Exercise brief: No picture belongs in the copy. Repeat each line below exactly.

Recorded data:
===============
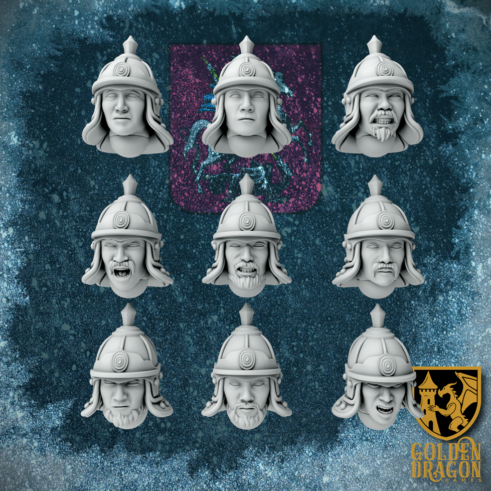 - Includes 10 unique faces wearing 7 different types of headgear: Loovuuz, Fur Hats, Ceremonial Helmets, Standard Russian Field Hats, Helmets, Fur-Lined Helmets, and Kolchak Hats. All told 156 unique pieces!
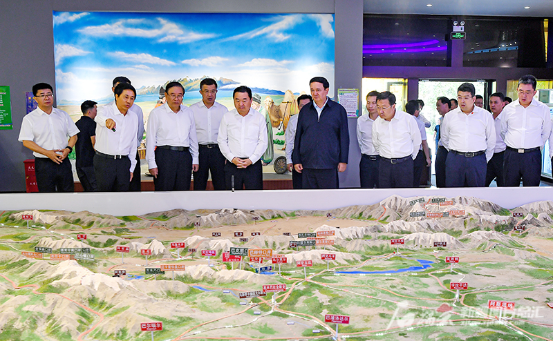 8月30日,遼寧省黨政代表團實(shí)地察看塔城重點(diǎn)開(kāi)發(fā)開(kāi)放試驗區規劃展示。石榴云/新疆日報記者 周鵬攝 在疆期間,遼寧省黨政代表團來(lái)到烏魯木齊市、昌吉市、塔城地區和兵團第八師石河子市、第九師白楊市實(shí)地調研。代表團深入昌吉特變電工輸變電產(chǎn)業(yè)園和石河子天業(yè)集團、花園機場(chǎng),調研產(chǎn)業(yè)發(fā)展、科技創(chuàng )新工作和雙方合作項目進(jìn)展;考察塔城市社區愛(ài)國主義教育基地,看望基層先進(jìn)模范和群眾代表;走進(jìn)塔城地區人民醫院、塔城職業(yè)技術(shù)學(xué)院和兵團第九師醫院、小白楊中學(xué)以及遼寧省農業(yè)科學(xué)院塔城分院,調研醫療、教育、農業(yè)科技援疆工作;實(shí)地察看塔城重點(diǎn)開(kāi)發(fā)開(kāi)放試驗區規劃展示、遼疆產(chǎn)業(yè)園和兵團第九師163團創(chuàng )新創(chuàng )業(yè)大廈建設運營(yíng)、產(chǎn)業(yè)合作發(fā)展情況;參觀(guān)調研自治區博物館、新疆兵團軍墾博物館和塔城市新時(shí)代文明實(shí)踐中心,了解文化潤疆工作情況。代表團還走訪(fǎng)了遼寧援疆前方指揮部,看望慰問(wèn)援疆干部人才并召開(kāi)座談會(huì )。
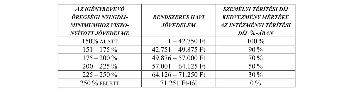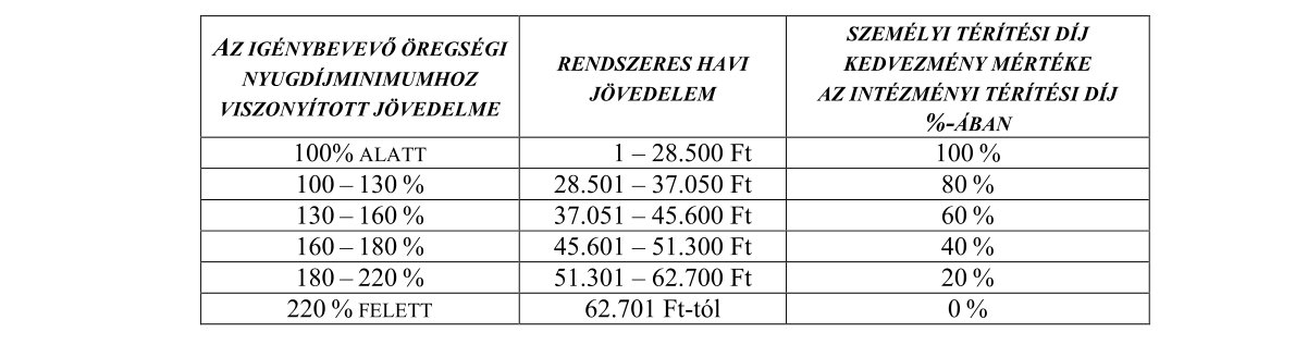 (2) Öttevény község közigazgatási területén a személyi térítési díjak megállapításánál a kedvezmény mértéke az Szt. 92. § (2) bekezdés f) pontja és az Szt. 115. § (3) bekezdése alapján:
===============
Solution to this exercise:
 - Includes 10 unique faces wearing 7 different types of headgear: Loovuuz, Fur Hats, Ceremonial Helmets, Standard Russian Field Hats, Helmets, Fur-Lined Helmets, and Kolchak Hats. All told 156 unique pieces!
 8月30日,遼寧省黨政代表團實(shí)地察看塔城重點(diǎn)開(kāi)發(fā)開(kāi)放試驗區規劃展示。石榴云/新疆日報記者 周鵬攝 在疆期間,遼寧省黨政代表團來(lái)到烏魯木齊市、昌吉市、塔城地區和兵團第八師石河子市、第九師白楊市實(shí)地調研。代表團深入昌吉特變電工輸變電產(chǎn)業(yè)園和石河子天業(yè)集團、花園機場(chǎng),調研產(chǎn)業(yè)發(fā)展、科技創(chuàng )新工作和雙方合作項目進(jìn)展;考察塔城市社區愛(ài)國主義教育基地,看望基層先進(jìn)模范和群眾代表;走進(jìn)塔城地區人民醫院、塔城職業(yè)技術(shù)學(xué)院和兵團第九師醫院、小白楊中學(xué)以及遼寧省農業(yè)科學(xué)院塔城分院,調研醫療、教育、農業(yè)科技援疆工作;實(shí)地察看塔城重點(diǎn)開(kāi)發(fā)開(kāi)放試驗區規劃展示、遼疆產(chǎn)業(yè)園和兵團第九師163團創(chuàng )新創(chuàng )業(yè)大廈建設運營(yíng)、產(chǎn)業(yè)合作發(fā)展情況;參觀(guān)調研自治區博物館、新疆兵團軍墾博物館和塔城市新時(shí)代文明實(shí)踐中心,了解文化潤疆工作情況。代表團還走訪(fǎng)了遼寧援疆前方指揮部,看望慰問(wèn)援疆干部人才并召開(kāi)座談會(huì )。
 (2) Öttevény község közigazgatási területén a személyi térítési díjak megállapításánál a kedvezmény mértéke az Szt. 92. § (2) bekezdés f) pontja és az Szt. 115. § (3) bekezdése alapján:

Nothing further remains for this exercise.